A spot in Thamaly, near Ussel, was identified and English aircraft were able to land there in June 1942. The first resistors to the Compulsory Work Service (STO) were placed in the Maquis in Mazière-Basse and Chambon, near Lapleau. Parachute drops were carried out in Sornac and Bassignac providing arms to the covert troops. The Secret Army camps (in Haute-Corrèze) conducted several armed operations against the enemy: parachuting and transporting of arms, sabotaging power lines and rail tracks in Bonaygue, Millevaches, Neuvic, etc.

In the region of Tulle, the resistance expanded in 1942. In October 1943, parachute drops in Le Pouget and Saint-Martial ensured the Maquis were finally fully armed.

Corps 2

In the south of the département, Edmond Michelet took the helm of the Combat movement.

There were 71 Maquis based in Corrèze. The average Maquis was the size of a section although some reached the scale of a battalion.

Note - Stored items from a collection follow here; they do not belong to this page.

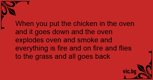 When you put the chicken in the oven and it goes down and the oven explodes oven and smoke and everything is fire and on fire and flies to the grass and all goes back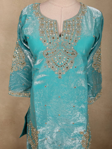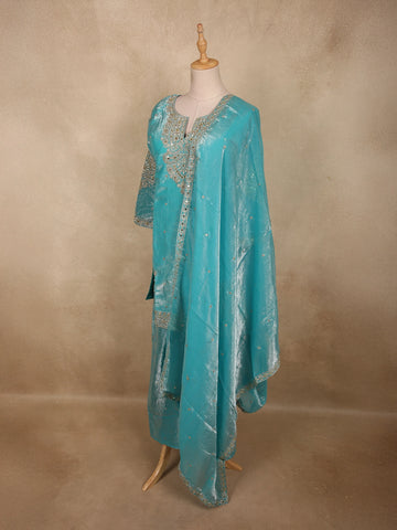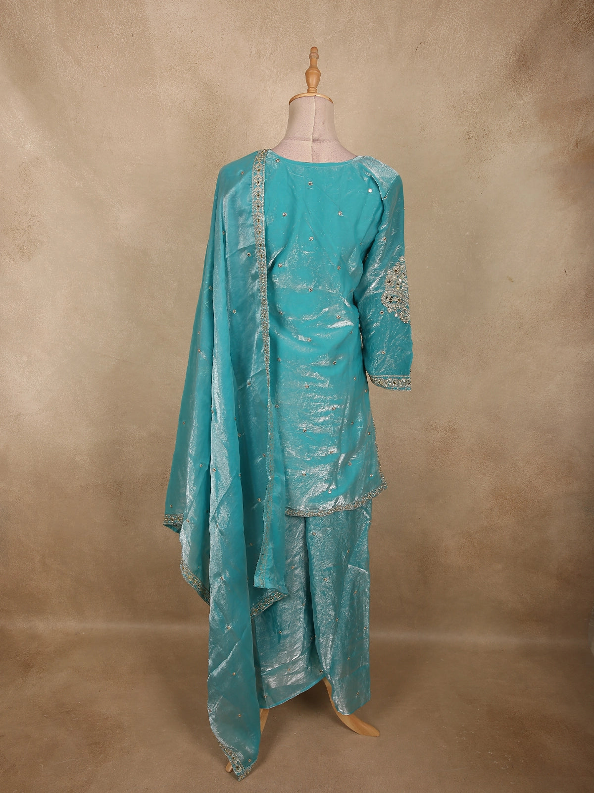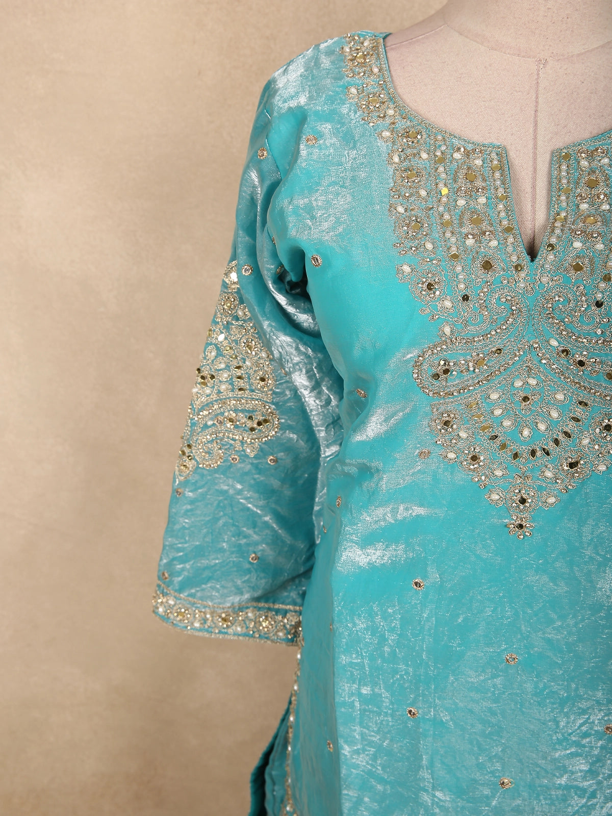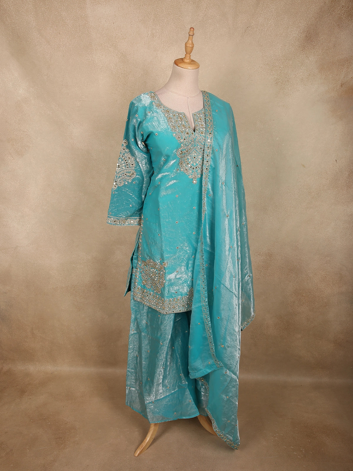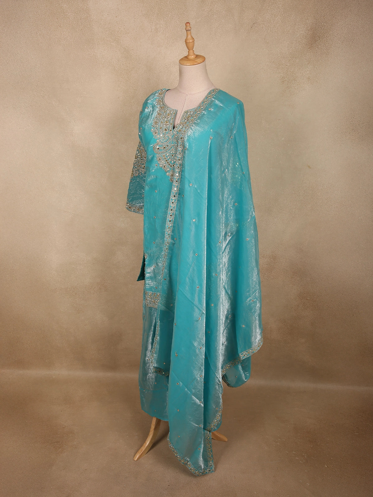 Fresh, elegant, and effortlessly festive, this sharara suit is crafted in a luminous aqua teal blue shade that radiates vibrancy and grace. The airy organza fabric is finished with a subtle sheen, lending the ensemble a light, fluid drape that feels both luxurious and comfortable.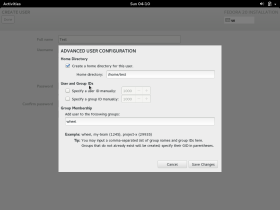 Fedora 20 cuenta de usuario avanzada pantalla de opciones.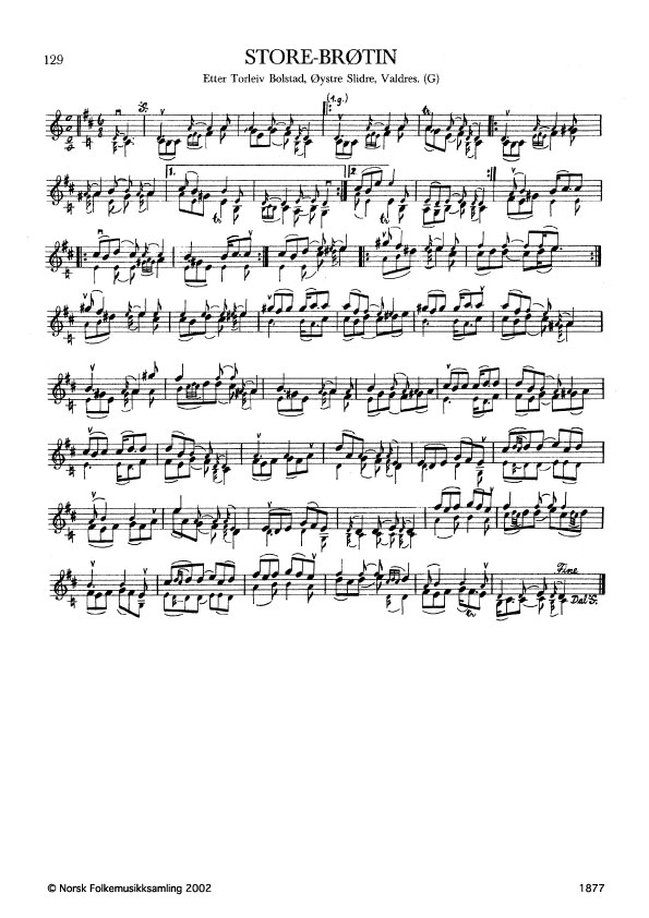 Store-Brøtin. Etter Torleiv Bolstad, Øystre Slidre, Valdres. G. 1505, 1964. NRK magn. 1688. Bolstad lærte slåtten av Ola Okshovd, som hadde laga siste veket. Jfr. band 1 nr. 91 og dette bandet nr. 137.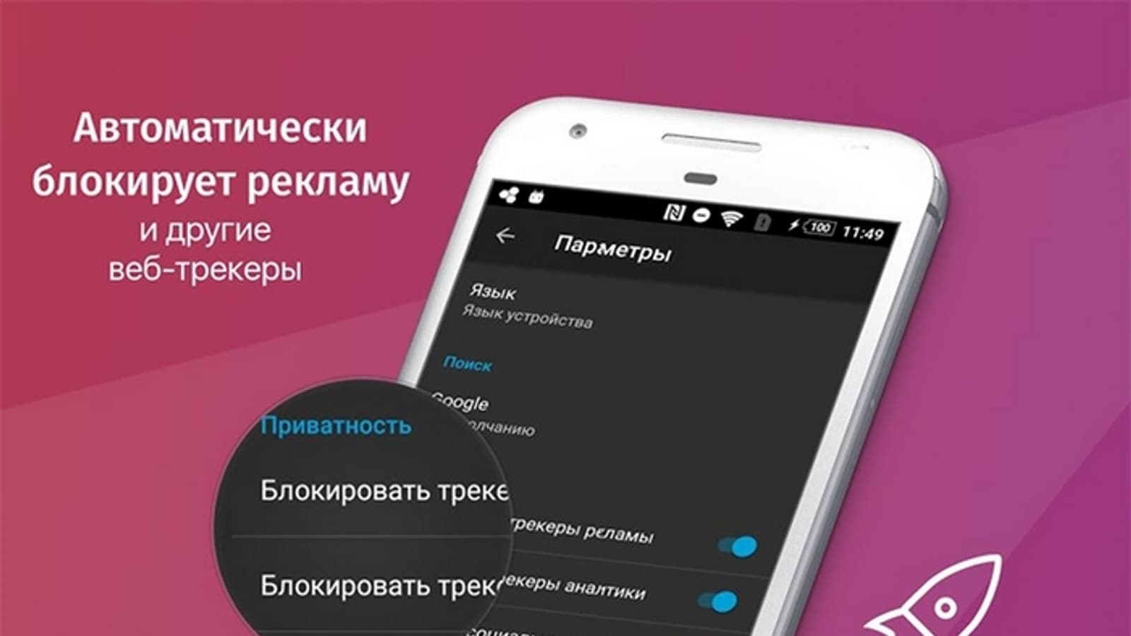 В то время, как другие браузеры предлагают приватный режим работы, Firefox Focus постоянно работает в приватном режиме. Браузер блокирует трекеры и рекламу, что самым позитивным образом сказывается на скорости загрузки страниц и потреблении трафика.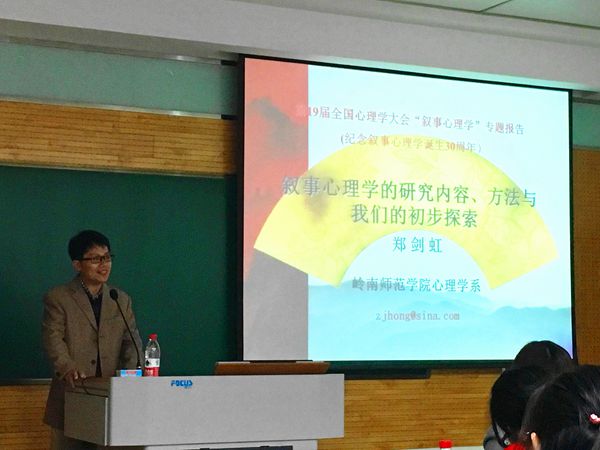 10月15日,在叙事心理学诞生30周年之际,我校心理学系郑剑虹教授在第十九届全国心理学学术会议上组织并主持召开了人格心理学专委会“叙事心理学”专题报告,与国内外学者分享了来自海峡两岸3所大学的5份研究报告。在郑剑虹教授的带领下,何吴明博士和卢伊颖老师在报告会上展示了我校团队的科学叙事心理学研究最新成果。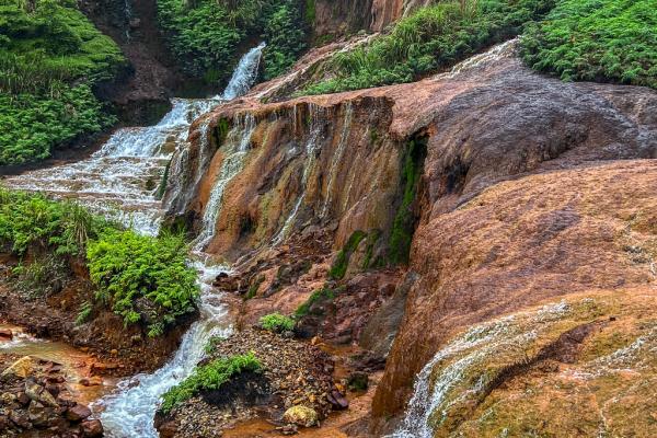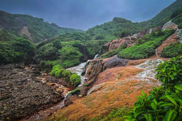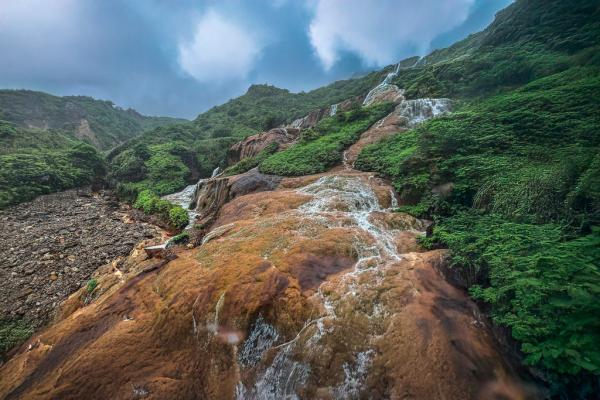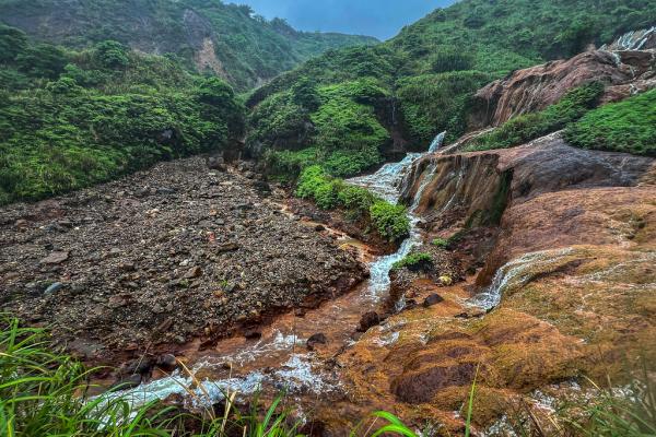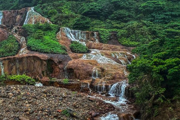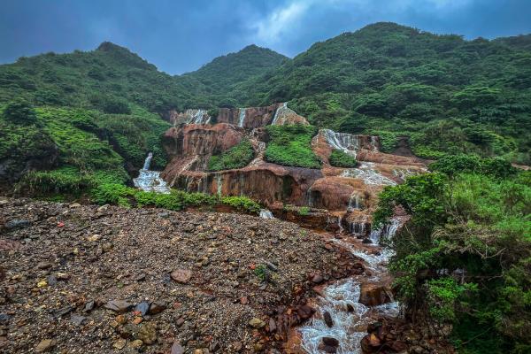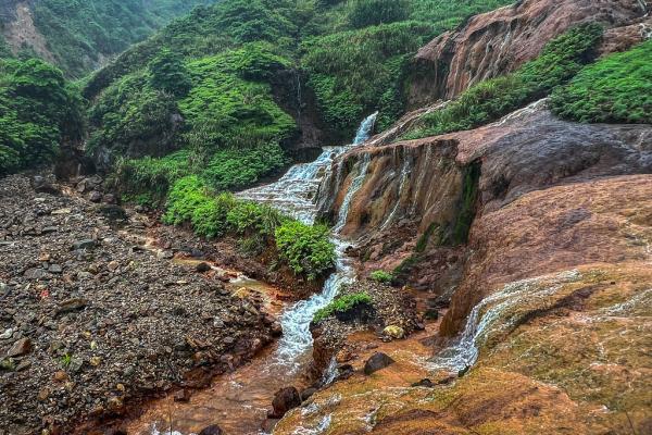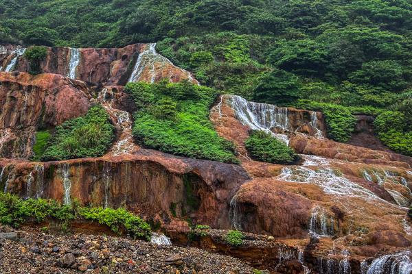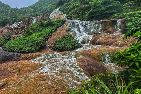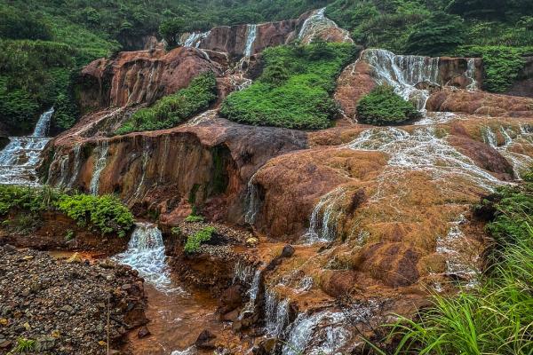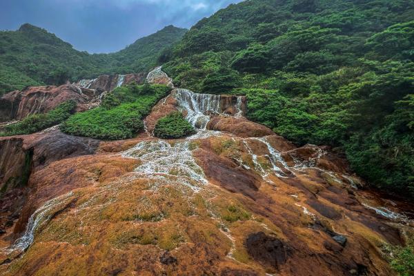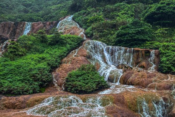 台北黄金瀑布,瀑布如丝,温柔地抚摸着被矿物质染红的每一寸岩石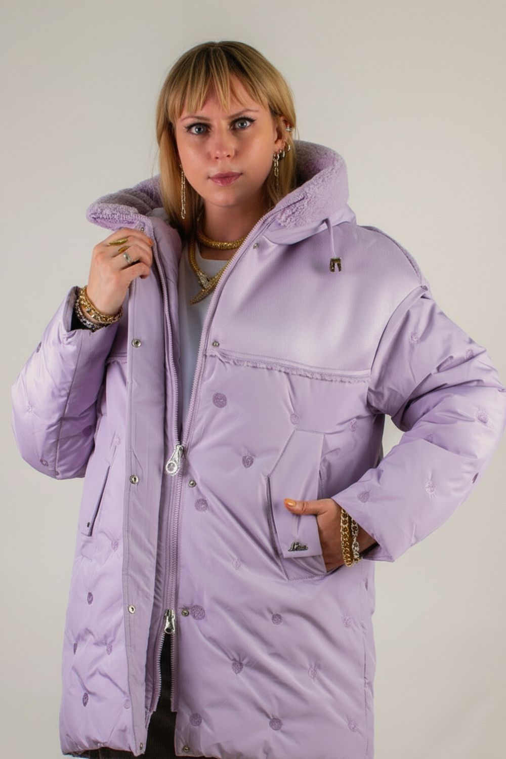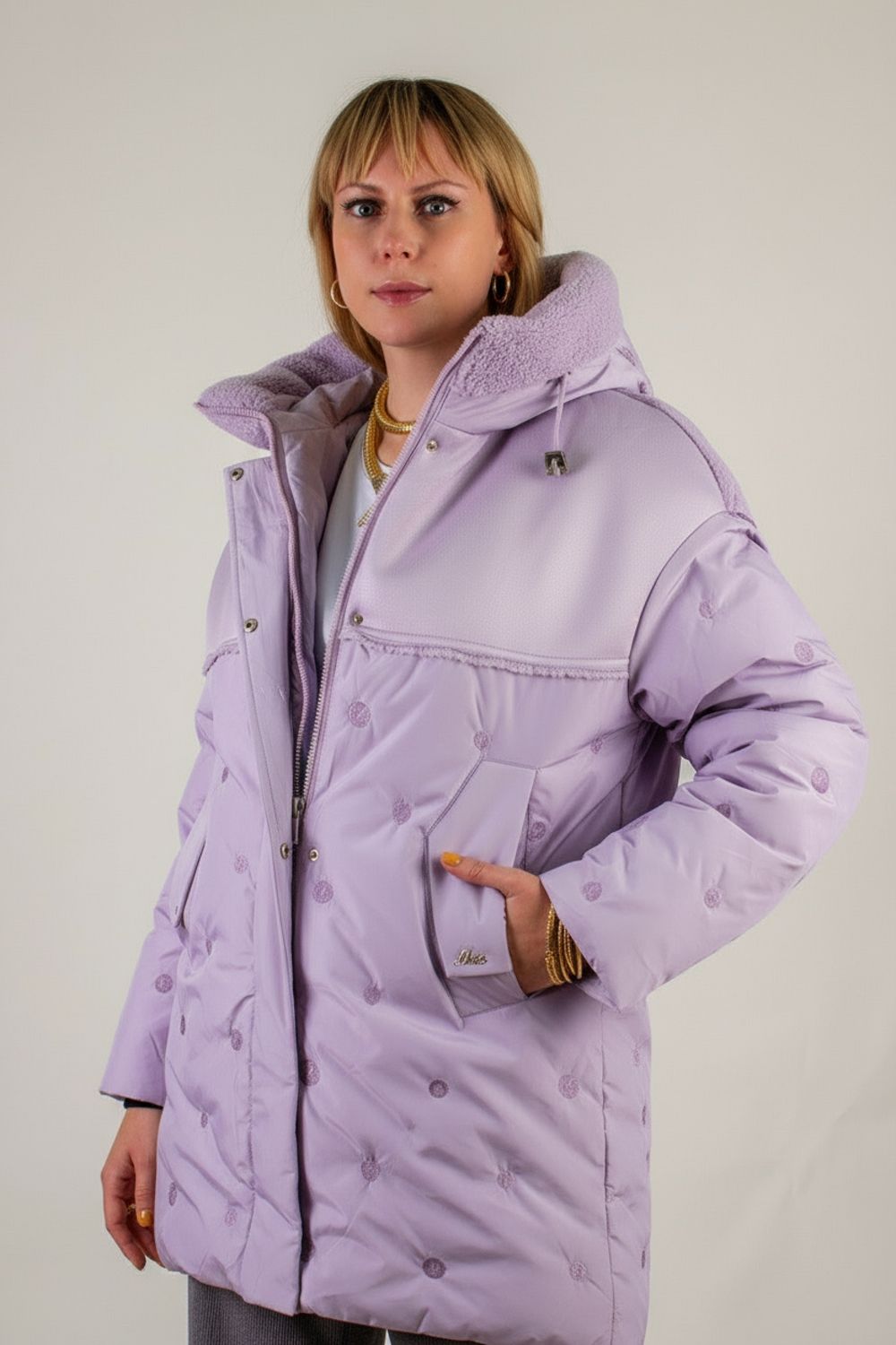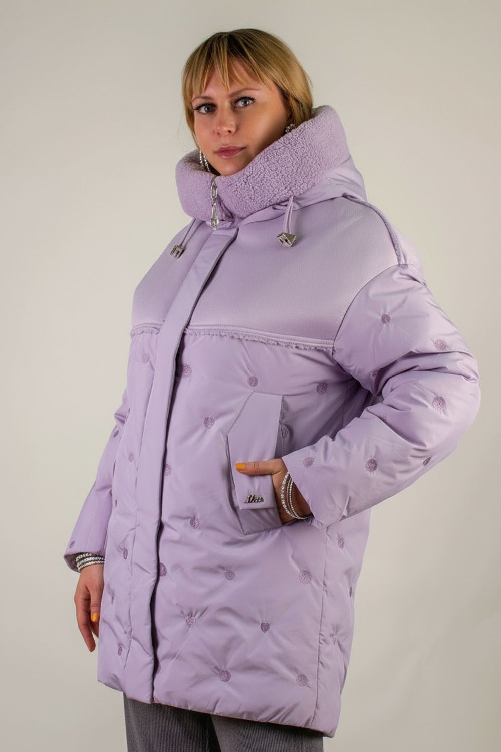 • Капюшон со стойкой-воротником на фиксаторах украшен двусторонней меховой опушкой «барашек» в цвет изделия – исключительное сочетание уютной фактуры и актуального дизайна.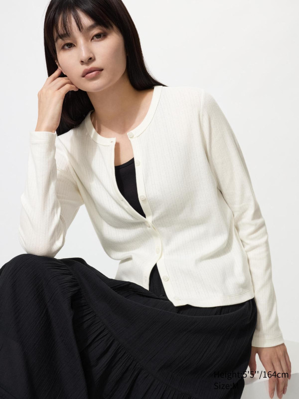 UNIQLO疊穿公式 6:透孔針織外套 x 白色內搭
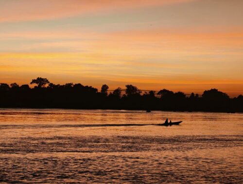 Nous étions loin d’imaginer ce qui nous attendait sur l’archipel de Si Phan Don (4000 îles, en laotien). Pourtant, la traversée en bateau aurait déjà pu nous mettre la puce à l’oreille. Le soleil disparaît et cède sa place à…

From July 1940, in Corrèze, French communists, who did not accept defeat, formed a group to resist the occupying forces. In September 1940, Georges Guingouin was appointed commander of the VOS of Haute-Corrèze. Between June 1942 and December 1943, the FTP (Free Shooters and Partisans) in Corrèze led an impressive number of operations against the occupying forces.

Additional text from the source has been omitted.